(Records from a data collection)
%%

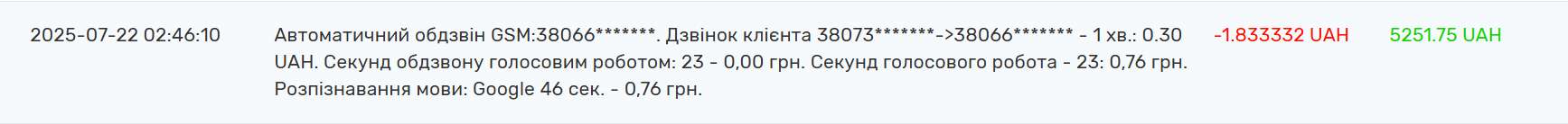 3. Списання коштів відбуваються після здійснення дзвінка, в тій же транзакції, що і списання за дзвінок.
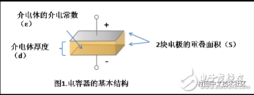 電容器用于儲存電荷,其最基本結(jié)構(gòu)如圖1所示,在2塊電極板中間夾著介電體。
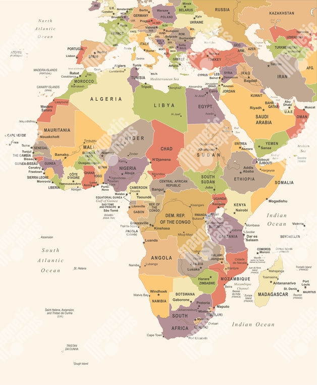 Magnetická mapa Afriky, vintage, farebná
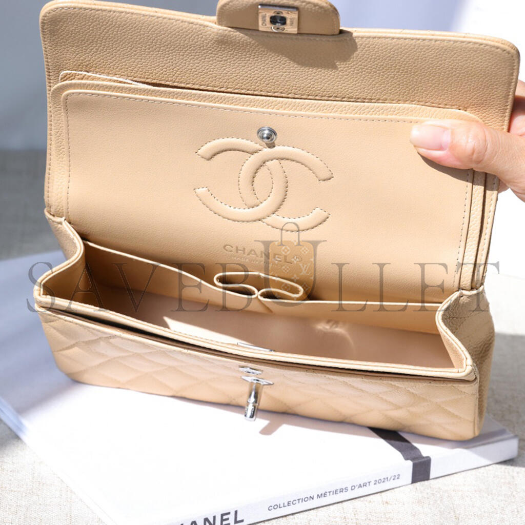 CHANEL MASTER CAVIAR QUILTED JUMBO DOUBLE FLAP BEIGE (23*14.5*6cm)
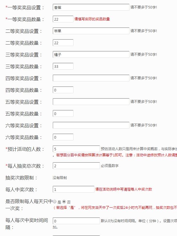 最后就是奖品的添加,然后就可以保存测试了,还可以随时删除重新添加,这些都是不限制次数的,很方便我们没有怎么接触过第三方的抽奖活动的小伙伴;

%%

◆ **WHAT THIS TASK INVOLVES**
Take the lines from the one holding "CHANEL MASTER CAVIAR" through the last line of the data above and copy them exactly, both ends included, omitting all pictures.

◆ **YOUR SOLUTION**
 CHANEL MASTER CAVIAR QUILTED JUMBO DOUBLE FLAP BEIGE (23*14.5*6cm)
 最后就是奖品的添加,然后就可以保存测试了,还可以随时删除重新添加,这些都是不限制次数的,很方便我们没有怎么接触过第三方的抽奖活动的小伙伴;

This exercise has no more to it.